Question

A tank containing oil is in the shape of a downward-pointing cone with its vertical axis perpendicular to ground level. (See a graph of the tank here.) In this exercise we will assume that the height of the tank is 10 ft , the circular top of the tank has radius 5 ft, and that the oil inside the tank weighs 56 lb per cubic ft.
How much work does it take to pump oil from the tank to an outlet that is 3 ft above the top of the tank if, prior to pumping, there is only a half-tank of oil? Note: "half-tank" means half the volume in the tank.

Answer 1

Do you know any physical laws, equations that could help? @skimo16

Answer 2

I thought this might be a pressure problem, but it looks like it's more of just a work problem.

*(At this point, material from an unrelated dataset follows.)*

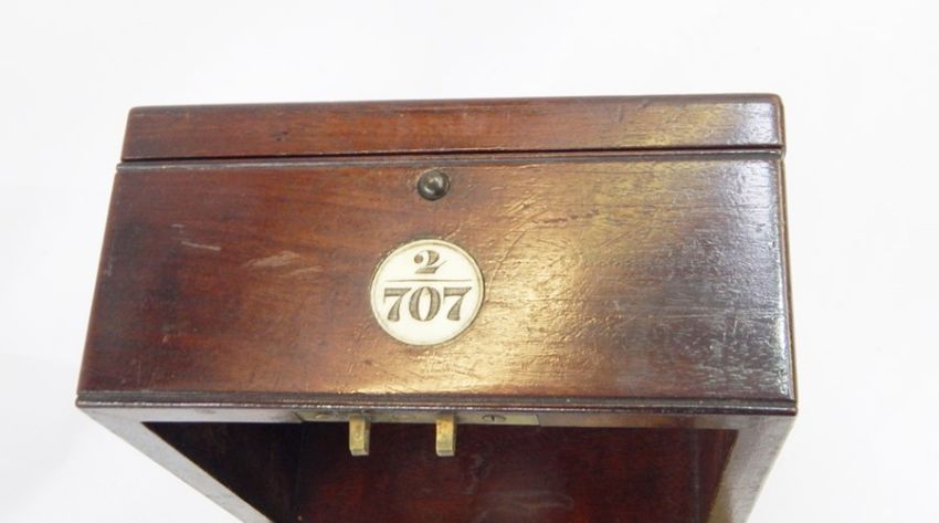 Mid 19th century marine chronometer by Barraud & Lund, Cornhill, London with silver dial, Roman numerals, with blued hands, subsidiary seconds dial and up/down indicator, numbered 2/707 and housed in a two part opening mahogany case with ivory plaque, again numbered 2/707

So I suppose the only equation of pertinence is: \[
\vec{W} = \int \vec{F} \cdot d\vec{r}
\]

Answer 3

So we need to come up with some equations of force here, with respect to distance.

Answer 4

"56 lb per cubic ft" is our Force/Volume, so we need an equation for volume now.

Answer 5

We'll integrate with respect to \(x\).

Answer 6

The volume at any \(x\) value will be:
\(\pi r(x)^2dx\) where \(r(x)\) is our radius in terms of \(x\) and \(dx\) is our thickness

Answer 7

The distance it must travel for any \(x\) is just \(x\), so our work for each is thus: \(x \times (56\pi r(x)^2dx)\)

Answer 8

All together we have: \[ \Large
\int_{x_i}^{x_f} 56xr(x)^2dx
\]
So what we need is \(r(x) \) and our limits of integration \(x_i \ x_f\).

Answer 9

\[
\Large
\int_{x_i}^{x_f} 56x\pi r(x)^2dx
\]

Answer 10

@skimo16 Is it starting to make sense?